Cells take on dual identities with competing factors trapped in the nucleus

Cells migrate to different tissues for a variety of reasons, including organ development, tissue repair and the spread of cancer. Researchers in the McKelvey School of Engineering at Washington University in St. Louis have found unexpected activity in the nucleus of healthy cells that provides new insight into cell mechanics.

Amit Pathak, associate professor of mechanical engineering & materials science, working with Carly Krull, a doctoral student in biomedical engineering, and Haiyi Li, who earned a bachelor's degree in computer science & engineering in 2022, found that when they gave the cancer drug Leptomycin B to healthy cells, the cells stopped growing, but several competing genes in their nuclei became active.

"All of a sudden, everything is happening in the nucleus," Pathak said. "The factors that slow down the cells, the factors that make the cells faster, the factors that make the cells cohesive and the factors that generate forces in cells all became active. All of these factors are normally competing with each other, and they all became active together."

Results of the research were published in eLife on Feb. 21, 2023.

Cells can change properties from epithelial, which is one of the main types of tissue in organs, to mesenchymal, both dynamically and stably according to requirements of the body. While the two types of cells are very different, epithelial cells tend to stick together in groups and can go through an epithelial-mesenchymal transition that helps them develop into other tissues and organs. The transition can also be reversed.

Leptomycin B is in a class of drugs known as nuclear export inhibitors designed to block export of a variety of proteins from the nucleus into the cytoplasm of the cell. In months of closely-watched experiments giving Leptomycin B to healthy human mammary epithelial cells, Krull and Li assessed their migration characteristics and changes in their epithelial-mesenchymal features. They observed that the cell populations became both more epithelial and more mesenchymal, and cells migrated faster across tissue-like soft surfaces.

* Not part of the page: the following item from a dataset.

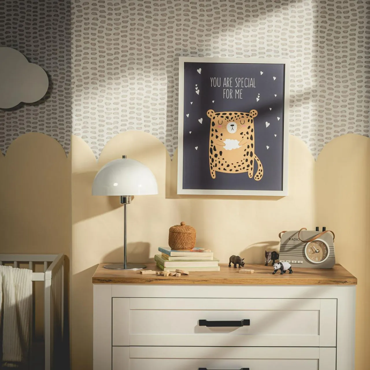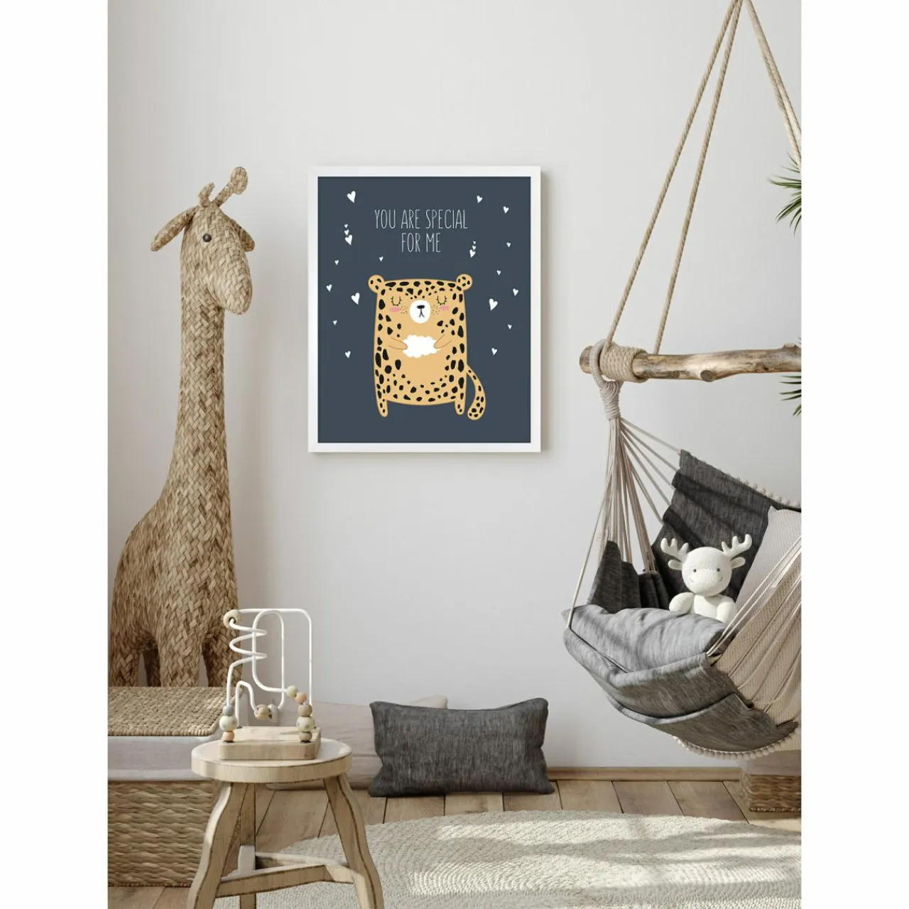 Obraz dla dziecka PANTHER o wymiarach 40×50 cm będzie ładnie wyglądał przy białych meblach i jasnym drewnianym łóżeczku. Możesz go też powiesić nad szafą czy stoliczkiem, przy którym Twoje dziecko lubi się bawić. Obraz ze słodką panterką pomoże stworzyć przytulną atmosferę.

Before this work, it was inconceivable that cells could be both epithelial and mesenchymal concurrently, Pathak said.

"In cancer, the goal is to make the cells cohesive and not migratory or mesenchymal, and if they migrate, you kill them," Pathak said. "We saw that these cells became cohesive, forming streams, and even though there was chaos in the nucleus, the cells stuck together and expedited their migration."

Krull said their findings showed that inhibiting nuclear export can strengthen both epithelial and mesenchymal characteristics.

"These findings could shed light on how cells with disease-like transformations might perform seemingly contradictory tasks, like migrating fast while holding together," she said. "Since nuclear export inhibition is being optimized to treat cancer and has been shown to reduce cancer cell invasion, we expected migration in our system to reduce exclusively. We were surprised to find that such strategies actually elevated cell migration on soft substrates."

"This was quite a puzzle to solve, and no one has shown this before," Pathak said. "If the focus was always to shrink the tumor, we would have never found these other phenotypes."

Krull said the team is now working to understand the time scales of nuclear export-driven cell-state transitions and how these transitions can be molecularly controlled.